Fig. 6. Evaluation of HSV-1-induced neurovascular injury in response to autophagy activators treatment on the NVU model.

a Experimental flow diagram showing the drug testing on the HSV-1 encephalitis model. b Cell viability assay showing the therapeutic effects of different drugs on HBMECs, Astrocytes/Neurons, and microglia following HSV-1 infection on the model at 7 dpi (n = 3 for biological replicates; n = 3 for technical replicates). Acyclovir (Acyc) was used as a positive control drug. Rapa rapamycin, 3-MA 3-methyladenine, Euphpepluone K EupK, Munronin V MunV. Cells were stained with LIVE/DEAD® Viability/Cytotoxicity Kit, and red color indicates the dead cell. c 4 kDa FITC-dextran assay showing the effects of different drugs on the BBB permeability following HSV-1 infection at 7 dpi (n = 3 for biological replicates; n = 3 for technical replicates). Data are presented as the mean ± SD and were analyzed using a one-way analysis of variance (ANOVA) followed by the Bonferroni post hoc test. d LDH assay showing the therapeutic effects of different drugs on the model following HSV-1 infection at 7 dpi (n = 3 for biological replicates; n = 3 for technical replicates). Data are presented as the mean ± SD and were analyzed using a one-way ANOVA followed by the Bonferroni post hoc test.

Fig. 7. Assessment of HSV-1 infection and autophagic flux in microglia following autophagy activators treatment on the NVU model.

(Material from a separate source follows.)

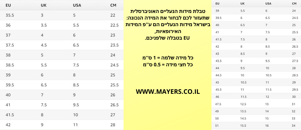 צירפנו לכם טבלאות מידה שתוכלו להשוות לנעליים שיש לכם בבית או למדוד את אורך כף הרגל.
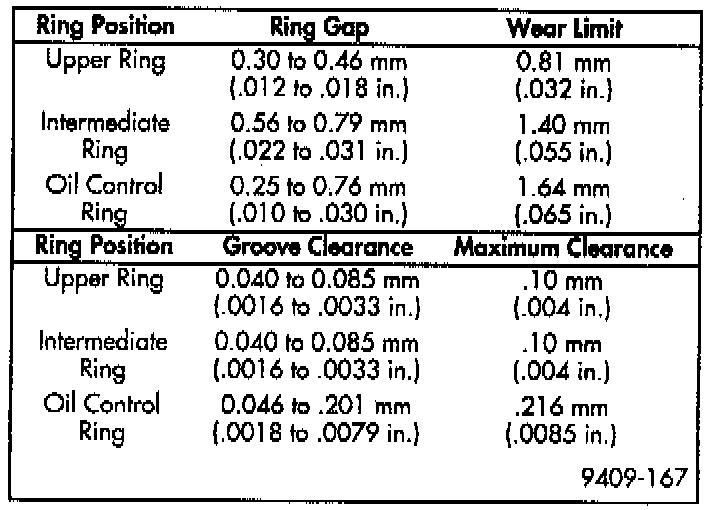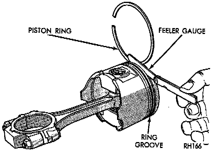 Wipe cylinder bore clean. Insert ring and push down with piston to ensure it is square in bore. The ring gap measurement must be made with the ring positioning at least 12 mm (0.50 inch) from bottom of cylinder bore. Check gap with feeler gauge.

a At 7 dpi, confocal micrographs showing the HSV-1 infection (red, immunostained for viral gG protein) in astrocytes/neurons and microglia after adding the indicated drugs (n = 3 for biological replicates; n = 3 for technical replicates). b TCID50 assay showing the antiviral effects of different drugs on the brain side (n = 3 for biological replicates; n = 3 for technical replicates). c Confocal micrographs showing autophagic flux in microglia with the addition of indicated drugs following HSV-1 infection at 3 dpi n = 3 for biological replicates; n = 3 for technical replicates. The red dots indicate autolysosome, and the yellow dots indicate autophagosome. d Quantification of autolysosome and autophagosome numbers in microglia of the HSV-1-infected chips after adding indicated drugs (n = 3 for biological replicates; n = 3 for technical replicates). Ten cells were quantified for each chip. Data are presented as the mean ± SD and were analyzed using a one-way ANOVA followed by the Bonferroni post hoc test.